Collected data
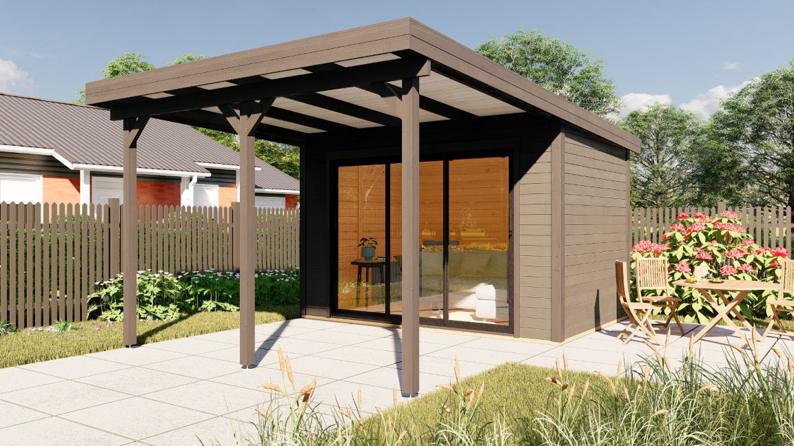 Hagekontor,lysthus, oransjeri - vår nye serie med moderne annekser med det bredeste bruksområdet! Dette luftige rommet med skyvedør lar deg nyte sommerens varme og sjarmerende dufter uten å forlate din favoritt loungestol eller sofa. I kaldt vær kan døren enkelt lukkes og blokkere vind og kulde ute, mens den fantastiske utsikten over hagen og området rundt forblir!
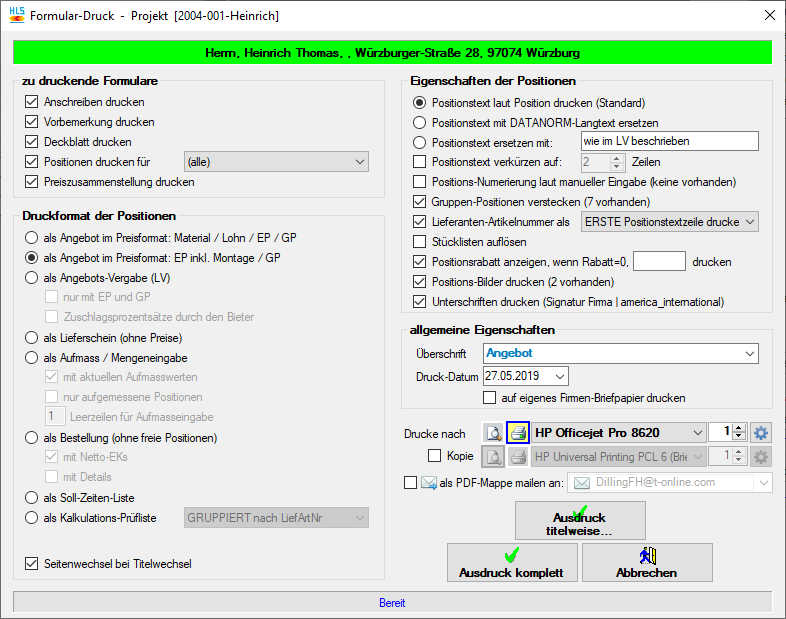 Klicken Sie den Schalter "Druck" oder das Druckersymbol in der Werkzeugleiste.
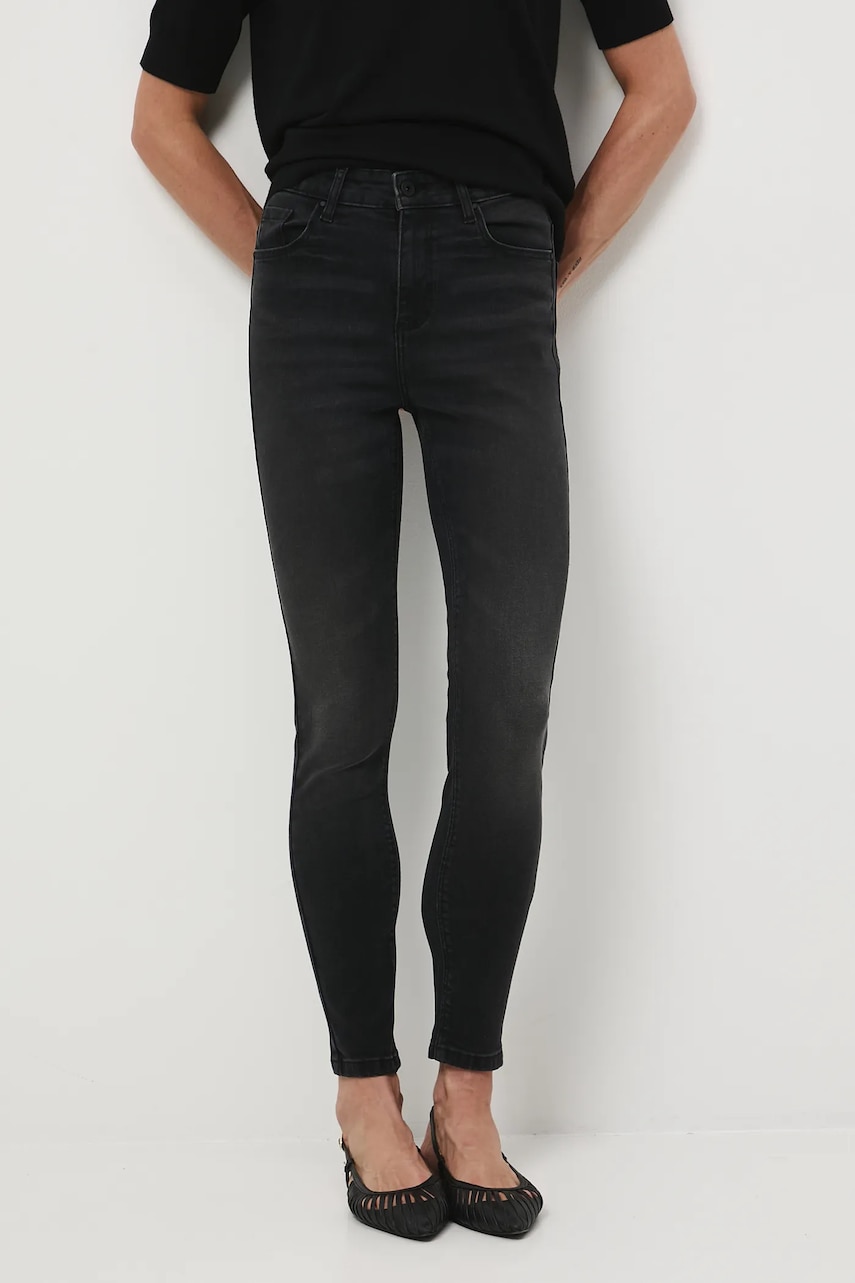 - Blugi pe lungime completă cu picioare conice strânse care creează un efect de „a doua piele”. Această croială face blugii să adere de corp, accentuează linia taliei și subliniază silueta, iar materialul elastic mărește confortul la purtare.
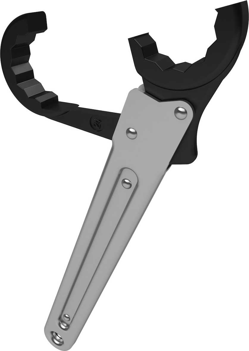 LK Kopplingsnyckel är en ringspärrnyckel som underlättar montage av anslutningskopplingar. Då nyckeln har en öppningsbar käft kan den med fördel användas där det är trångt.
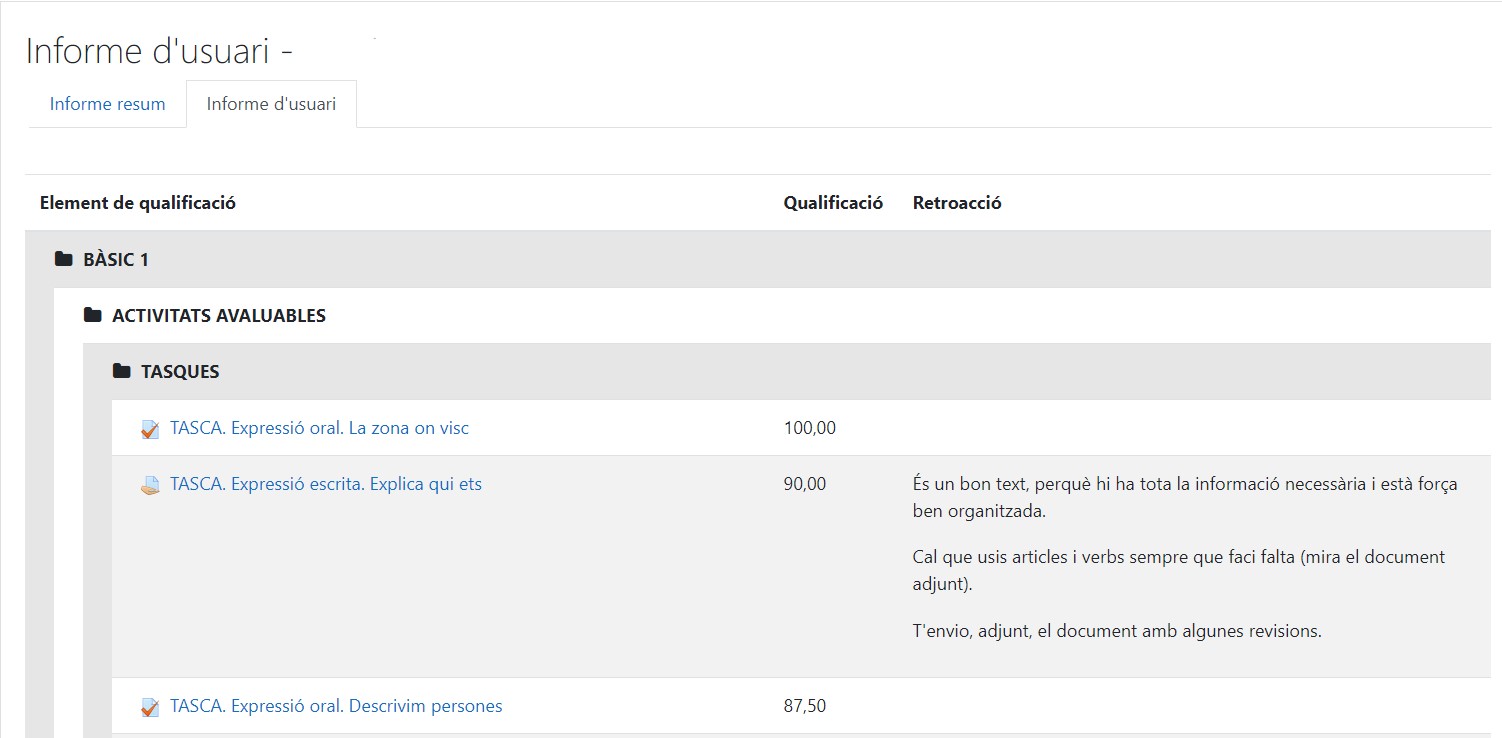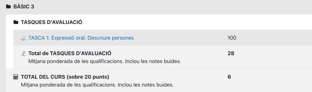 Sur la plateforme d'apprentissage, accédez aux Notes (dans l'index horizontal sous le nom du cours). Vous verrez les notes des tâches d'évaluation avec la pondération correspondante au fur et à mesure que vous effectuerez les différentes tâches, dès que le professeur les aura évaluées.
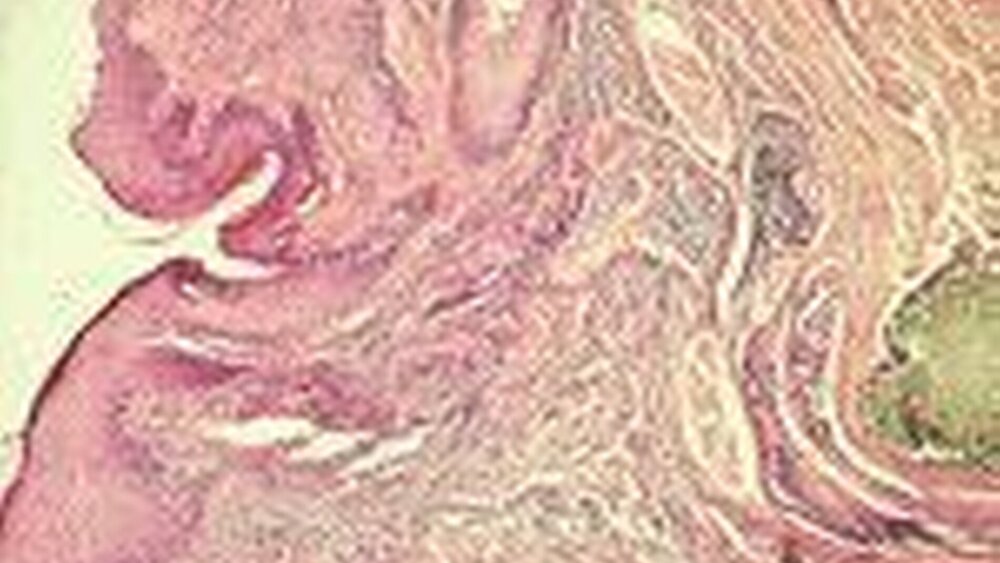 Der aktuelle Fall zeigt die seltene Kombination eines komplexen Odontoms mit einer chronisch granulierenden Entzündung mit extraoraler Fistelbildung. Das hier präsentierte komplexe Odontom ist ein gutartiger odontogener Tumor, der in jedem Lebensalter auftreten kann. 84 Prozent treten vor dem 30. Lebensjahr auf und das männliche Geschlecht ist etwas häufiger betroffen als das weibliche (1,5:1) [Reichart und Philipsen, 1999]. Die hier vorliegende Lokalisation des Odontoms im posterioren Unterkiefer ist typisch. Ein komplexes Odontom wächst in der Regel langsam und schmerzlos und wird häufig nur zufällig entdeckt. Im vorliegenden Fall führte erst die Entzündungssymptomatik zur richtigen Diagnose, wobei die Ursache für die Fistelbildung lange nicht erkannt wurde. Die typische Ursache einer chronisch granulierenden Entzündung mit extraoraler oder enoraler Fistelbildung im Kieferbereich ist ein pulpentoter Zahn mit fortgeleiteter periapikaler Entzündung [Partsch et al., 1924; Stoll et al., 1963, Torabinejad und Kiger, 1980]. Auch bei dieser Erkrankung wird die dentogene Ursache häufig erst sehr spät erkannt und die Hautsymptome häufig lange erfolglos behandelt [Sack et al., 1992; Buch et al., 2003].

**About this task**
Please leave out the pictures as you reproduce the lines exactly, from the first line of the entries through the line containing "LK Kopplingsnyckel är".

**Solution to this exercise**
 Hagekontor,lysthus, oransjeri - vår nye serie med moderne annekser med det bredeste bruksområdet! Dette luftige rommet med skyvedør lar deg nyte sommerens varme og sjarmerende dufter uten å forlate din favoritt loungestol eller sofa. I kaldt vær kan døren enkelt lukkes og blokkere vind og kulde ute, mens den fantastiske utsikten over hagen og området rundt forblir!
 Klicken Sie den Schalter "Druck" oder das Druckersymbol in der Werkzeugleiste.
 - Blugi pe lungime completă cu picioare conice strânse care creează un efect de „a doua piele”. Această croială face blugii să adere de corp, accentuează linia taliei și subliniază silueta, iar materialul elastic mărește confortul la purtare.
 LK Kopplingsnyckel är en ringspärrnyckel som underlättar montage av anslutningskopplingar. Då nyckeln har en öppningsbar käft kan den med fördel användas där det är trångt.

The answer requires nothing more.